If the parameter ‘K’ is passed in, the function output will be the distance between two sets of coordinates, calculated in kilometers.

We can then use the following SQL query to get the 7 nearest cafés:

$1, $2 are parameters passed by node-postgres, representing the current latitude and longitude.

SELECT id, 
      name,
      address, 
      open_time, 
      url,
      tasty::float,
      socket,
      limited_time,
      wifi::float,
      latitude::float, 
      longitude::float,
      calculate_distance($1, $2, latitude, longitude, 'K') as distance
FROM cafe
ORDER BY distance
limit 7

5-2. New user added as LINE friend, adding user to database

After a new user joins, our database needs to be updated.

We’ll first cache some local variables in the node.js environment to determine if this user has appeared before. If they have, we won’t proceed with the query.

But if they haven’t, there are two possibilities:

  1. They’re a new user, not yet added to the database
  2. The backend restarted, the cache has no data for this user, but the user data is already in the database

Both situations can be resolved with the following SQL query:

INSERT INTO "user"(userid, displayname)
  VALUES($1, $2)
  ON CONFLICT(userid) DO NOTHING

When there’s a conflict with the primary key (usually a unique constraint conflict), we do nothing.

5-3. Showing the username in the webpage

username

Since the webpage isn’t in the LINE environment, we need to separately retrieve user data from the database.

Here, we pass the userid from the LINE Bot to the frontend webpage as a parameter, and then the frontend queries the backend and database to get the corresponding information.

SELECT * FROM "user" WHERE userid = $1

5-4. Returning a user’s cafe list

To get a user’s list, we just need to filter the rows in saved_location by userid, and then natural join with the cafe table.

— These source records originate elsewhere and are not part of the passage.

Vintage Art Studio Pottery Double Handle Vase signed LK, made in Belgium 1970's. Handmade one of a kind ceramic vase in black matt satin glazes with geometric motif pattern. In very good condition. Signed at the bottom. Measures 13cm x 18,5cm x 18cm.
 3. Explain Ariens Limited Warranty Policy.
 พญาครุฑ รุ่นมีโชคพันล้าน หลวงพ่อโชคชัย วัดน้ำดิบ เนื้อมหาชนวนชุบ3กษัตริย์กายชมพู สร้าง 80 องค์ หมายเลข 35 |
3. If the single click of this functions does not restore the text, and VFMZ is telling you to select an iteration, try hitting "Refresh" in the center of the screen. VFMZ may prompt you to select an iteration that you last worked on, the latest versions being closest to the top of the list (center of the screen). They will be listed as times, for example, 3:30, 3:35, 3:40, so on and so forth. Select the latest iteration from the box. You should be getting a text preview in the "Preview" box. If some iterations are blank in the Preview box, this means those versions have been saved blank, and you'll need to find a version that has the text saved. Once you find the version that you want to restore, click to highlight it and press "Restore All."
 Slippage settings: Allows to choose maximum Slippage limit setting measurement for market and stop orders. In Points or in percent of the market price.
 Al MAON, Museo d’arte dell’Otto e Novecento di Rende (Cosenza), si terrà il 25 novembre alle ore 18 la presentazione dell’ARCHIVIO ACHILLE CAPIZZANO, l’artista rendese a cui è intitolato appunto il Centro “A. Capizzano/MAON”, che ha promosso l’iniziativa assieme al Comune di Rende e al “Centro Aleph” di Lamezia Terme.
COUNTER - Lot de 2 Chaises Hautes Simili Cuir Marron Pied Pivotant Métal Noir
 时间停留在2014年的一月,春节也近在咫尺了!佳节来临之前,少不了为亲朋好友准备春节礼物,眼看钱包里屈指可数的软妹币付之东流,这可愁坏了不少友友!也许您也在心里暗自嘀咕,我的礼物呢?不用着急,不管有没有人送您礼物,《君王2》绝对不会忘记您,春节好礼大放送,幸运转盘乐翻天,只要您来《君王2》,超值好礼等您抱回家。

Here, I want to sort by the time added in descending order.

WITH saved AS
  (SELECT *
  FROM "saved_location"
  WHERE userid = $1)
  SELECT *
FROM saved NATURAL JOIN cafe
ORDER BY add_date DESC

This query is suitable for both generating a shared collection webpage and listing saved cafés in LINE.

5-5. Adding a new café to saved list

Following the same logic as adding a new user, to avoid conflicts, we just need to DO NOTHING.

INSERT INTO "saved_location"(userid, id, add_date)
  VALUES($1, $2, $3)
  ON CONFLICT DO NOTHING

Miscellaneous details:

After clicking to save a café, since the backend receiving the request only has the café’s id, we need to query the database again to get more information about the café (such as café name, address, etc.) to provide a better user experience:

improvement

The command for querying again is as follows:

SELECT * FROM cafe WHERE id = $1

5-6. Deleting a café from saved list

We only need the userid and the café’s id to lock in a unique row (because it’s the primary key), so the following query accomplishes our goal:

DELETE FROM saved_location
WHERE userid = $1 AND id = $2

5-7. Obtaining 10 cafes with the best overall score in a city

Sorting cafés from highest to lowest overall rating, and filtering by specific city, the query code is as follows:

SELECT *, wifi+seat+quiet+tasty+cheap+music AS total
FROM cafe
WHERE city=$1
ORDER BY total DESC
LIMIT 10

6. Conclusion #

Through this project, I experienced the process from conceptualizing a project to gradually shaping it, and finally implementing it. Combining knowledge of the following:

  • AWS RDS and databases learned in an academic setting
  • constantly looking up documentation to piece together a LINE Bot
  • researching how to use the Google Maps API to generate maps
  • writing a backend with node.js and integrating it with PostgreSQL
  • creating a frontend webpage with Vue
  • deploying all services to Heroku/AWS for people to use

it’s really quite a satisfying accomplishment.